Der Oberste Gerichtshof hat als Revisionsgericht in Arbeits- und Sozialrechtssachen durch den Senatspräsidenten des Obersten Gerichtshofes Dr.Resch als Vorsitzenden, die Hofräte des Obersten Gerichtshofes Mag.Engelmaier und Dr.Bauer als weitere Richter sowie die fachkundigen Laienrichter Dr.Josef Fellner (AG) und Kurt Wuchterl (AN) in der Sozialrechtssache der klagenden Partei Waltraud B*****, vertreten durch Dr.Wolfgang Wiedner, Rechtsanwalt in Wien, wider die beklagte Partei Allgemeine Unfallversicherungsanstalt (Landesstelle Wien), 1200 Wien, Adalbert-Stifter-Straße 65, vertreten durch Dr.Vera Kremslehner, Dr.Josef Milchrahm und Dr.Anton Ehm, Rechtsanwälte in Wien, wegen Versehrtenrente infolge Revision der beklagten Partei gegen das Urteil des Oberlandesgerichtes Wien als Berufungsgerichtes in Arbeits- und Sozialrechtssachen vom 20.März 1991, GZ 31 Rs 36/91-20, womit infolge Berufung der beklagten Partei das Urteil des Landesgerichtes St.Pölten als Arbeits- und Sozialgerichtes vom 15.Oktober 1990, GZ 33 Cgs 21/89-16, bestätigt wurde, in nichtöffentlicher Sitzung zu Recht erkannt:

Spruch

Der Revision wird nicht Folge gegeben.

Die beklagte Partei ist schuldig, der Klägerin binnen 14 Tagen die einschließlich 603,84 S Umsatzsteuer mit 3.623,04 S bestimmten Kosten der Revisionsbeantwortung zu ersetzen.

Rechtliche Beurteilung

Entscheidungsgründe:

Die den Grundsätzen der E 12.4.1988 10 Ob S 76/88 SSV-NF 2/39 (ausdehnende Auslegung des § 175 Abs 2 Z 2 erster Fall ASVG) folgende rechtliche Beurteilung des Berufungsgerichtes ist richtig (§ 48 ASGG).

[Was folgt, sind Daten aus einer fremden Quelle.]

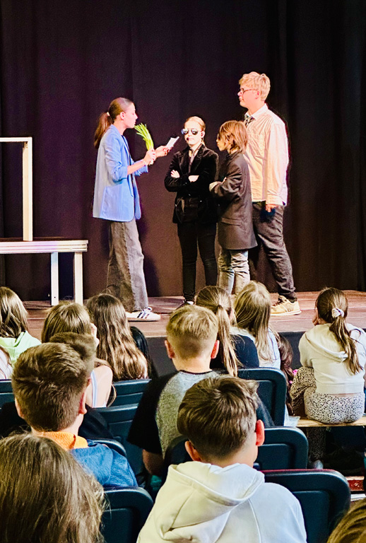 Es herrschte große Neugierde in Freudenhain: Was wird die Leitung der Theatergruppe Unter-/Mittelstufe sich dieses Jahr wieder einfallen lassen? Welcher Roman wird denn dieses Mal als Vorlage für die Aufführung dienen?
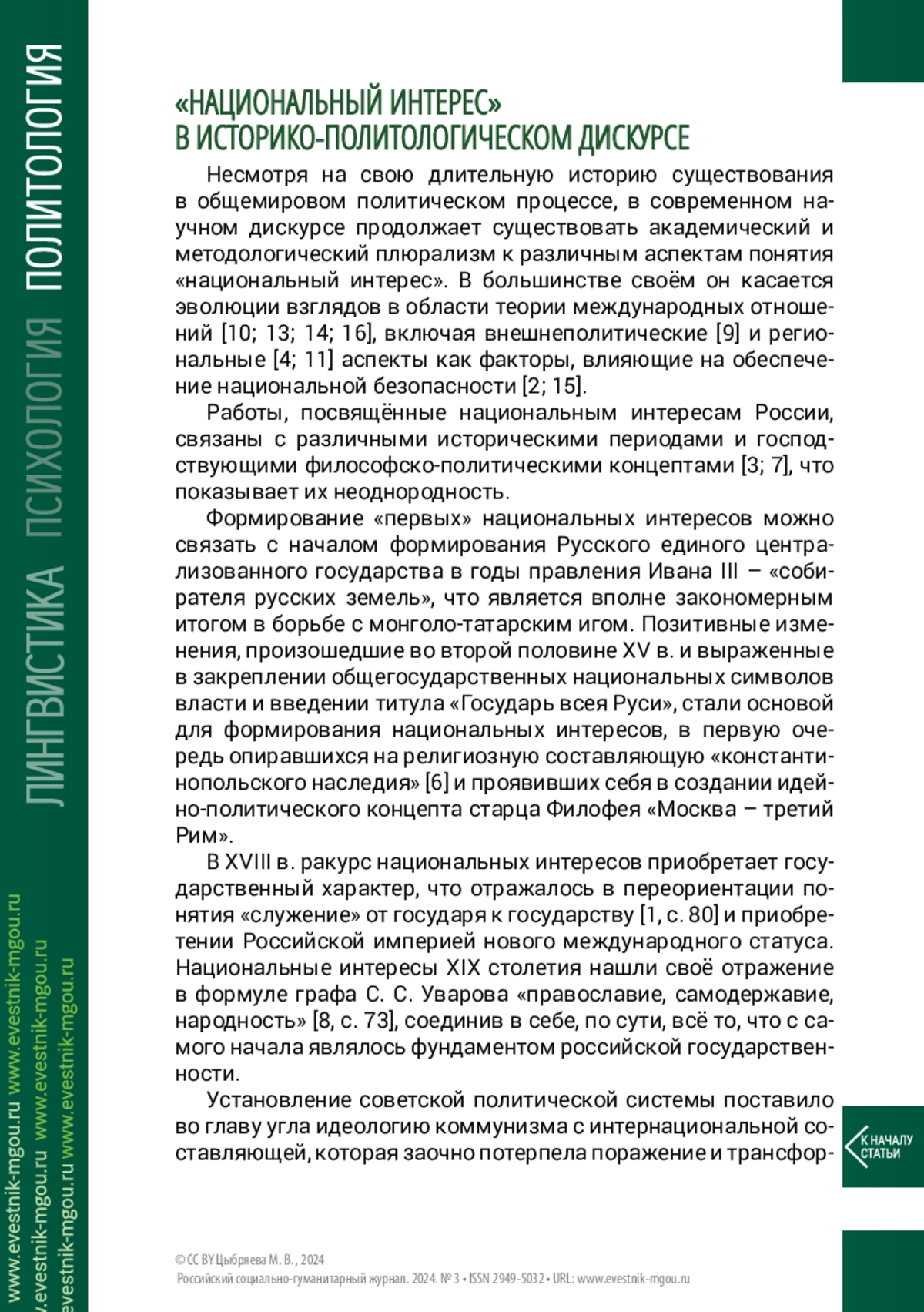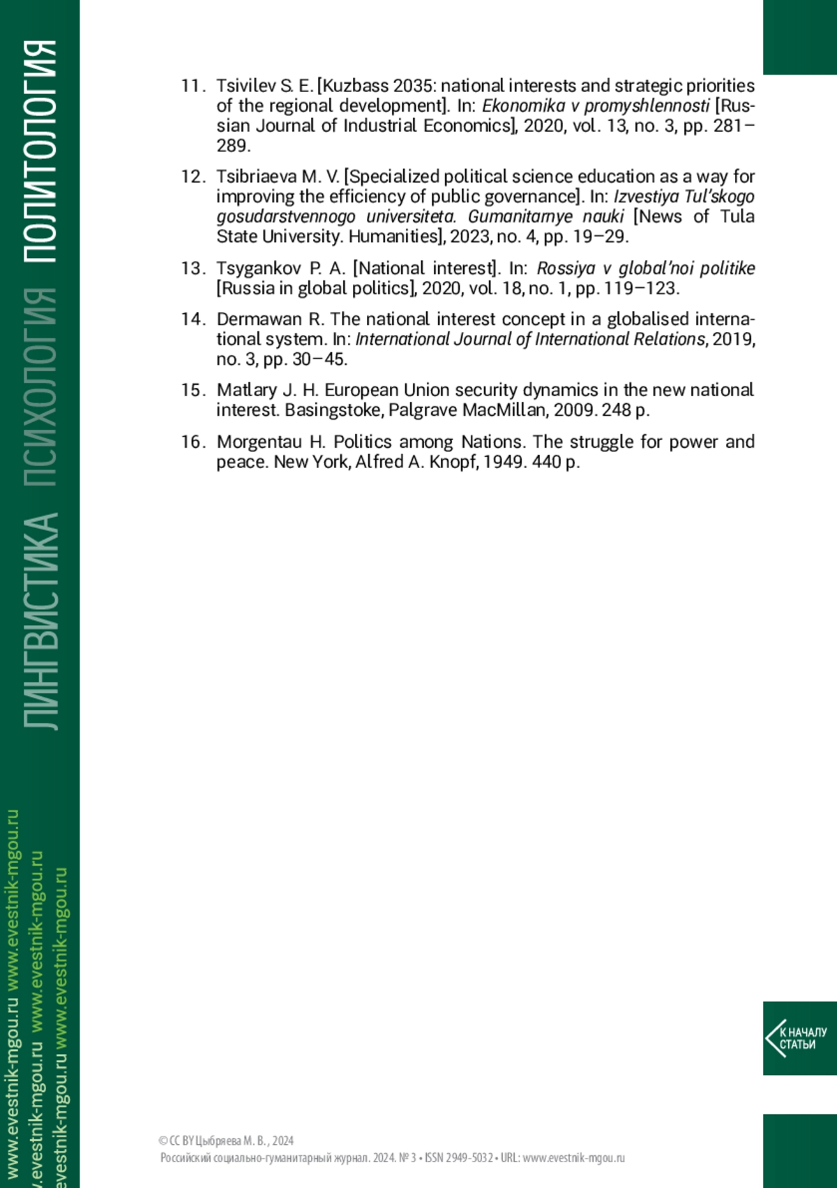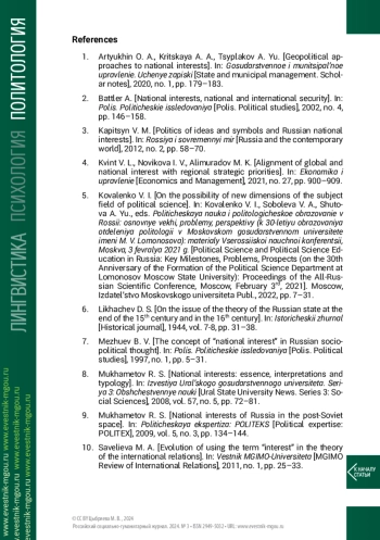 7. Межуев Б. В. Понятие «национальный интерес» в российской общественно-политической мысли // Полис. Политические исследования. 1997. №1. С. 5-31.

Die Ansicht der Revisionswerberin, der zit E wäre keinesfalls zu entnehmen, daß auch der Weg direkt von der Wohnung zum Arzt unfallversichert sei, ist unrichtig. Der erkennende Senat führte damals zwar aus, § 175 Abs 2 Z 2 erster (Halb)Satz ASVG könne daher nur dahin verstanden werden, daß der Versicherungsschutz jedenfalls auf dem Weg von der ärztlichen Untersuchungsstelle zum Betrieb auch dann bestehe, wenn nach entsprechender vorheriger Bekanntgabe im Betrieb die ärztliche Untersuchungsstelle direkt von der Wohnung aus aufgesucht werde, ohne daß sich der Versicherte vorher zum Betrieb begeben habe. Er stellte damit aber lediglich auf den damals zu entscheidenden Fall ab, in dem sich der Unfall auf dem Weg von der ärztlichen Untersuchungsstelle zum Betrieb ereignet hatte. Die diesem Satz vorangehenden Ausführungen lassen jedoch keinen Zweifel daran, daß der erkennende Senat unter diesen Umständen auch den Weg von der Wohnung bis zur ärztlichen Untersuchungsstelle iS einer ausdehnenden Auslegung des § 175 Abs 2 Z 2 erster Fall ASVG als unfallversichert angesehen hat (so auch Grillberger, Österreichisches Sozialrecht 47).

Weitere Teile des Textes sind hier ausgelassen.